The first time this happened I was back from a flight, and taking an afternoon nap when this horrid gargling wailing scream began. I shot up bolt-upright in bed, looking around panicked without any idea of where I was, but knowing that something nearby was in indescribable pain. I thought it was a cat. I thought it was wet metal twisting. It was of such an amplitude that it seemed to come from everywhere at once.

The screaming was shocking, and my heart was frozen in this terribly long squeeze. As I leapt from my bed and scrabbled for the phone, you kept screaming, and it was then to my horror Little Girl, that I realised that these sounds were not being issued by a hyena birthing a litter of broken bottles, but that a human was being hurt.
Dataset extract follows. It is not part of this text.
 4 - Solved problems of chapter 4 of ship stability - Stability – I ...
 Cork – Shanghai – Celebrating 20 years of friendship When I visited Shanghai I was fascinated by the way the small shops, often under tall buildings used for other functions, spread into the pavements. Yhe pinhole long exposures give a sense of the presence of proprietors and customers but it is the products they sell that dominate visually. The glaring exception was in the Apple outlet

A female. Maybe being raped. Or stabbed. Or shit, by the sounds of it more like being raped and stabbed now where the fuck is that phone!

As I got hold of it and was about to call the police, I assume it was your father started yelling at you in what sounded like a Tamil version of “Oh Lord Vishnu, why have I been saddled with a cacophonous harpy for a child whose cries shake the very Earth beneath my feet and split the heavens above. The noise, it kills me!
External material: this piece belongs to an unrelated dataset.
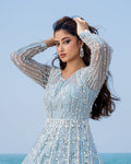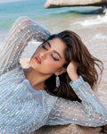 Introducing our stunning net ice blue maxi, enriched with intricate handcrafted adda work. This exquisite piece showcases a captivating combination of materials, including pearls, Swarovski crystals, and multi-shaped sequins.
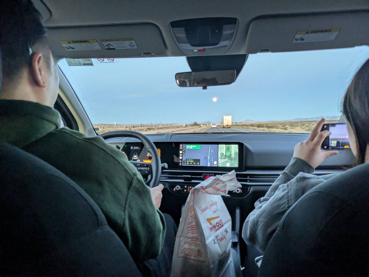 日が暮れて寝落ちボスと寝落ちしそうなお嬢を尻目に前方の月のありえないデカさに驚く。

As you may recall Little Girl, whatever it was he yelled worked, and as suddenly as your wails began they cut off leaving me standing confused in the darkness of my room, with nought but the light from my phone to illuminate my pale face dotted with cold sweat, the thunderous beating of my heart filling my ears, and the realisation that all I had heard was a child screaming at some minor misdeed committed in the playground.

At that moment all I felt was confusion, relief and amazement at your vocal prowess. It also took an hour or so to calm myself back down from the shock.

Subsequent times have been no less shocking, Little Girl, but now that I know some women is not having her skin flayed from her body in my room but that it is merely a child with a over-sensitive sense of fairness and an overdeveloped ability to scream, can I suggest that we reach an agreement, Little Girl? Can we turn down the intensity of the screaming, perhaps? Just a little bit?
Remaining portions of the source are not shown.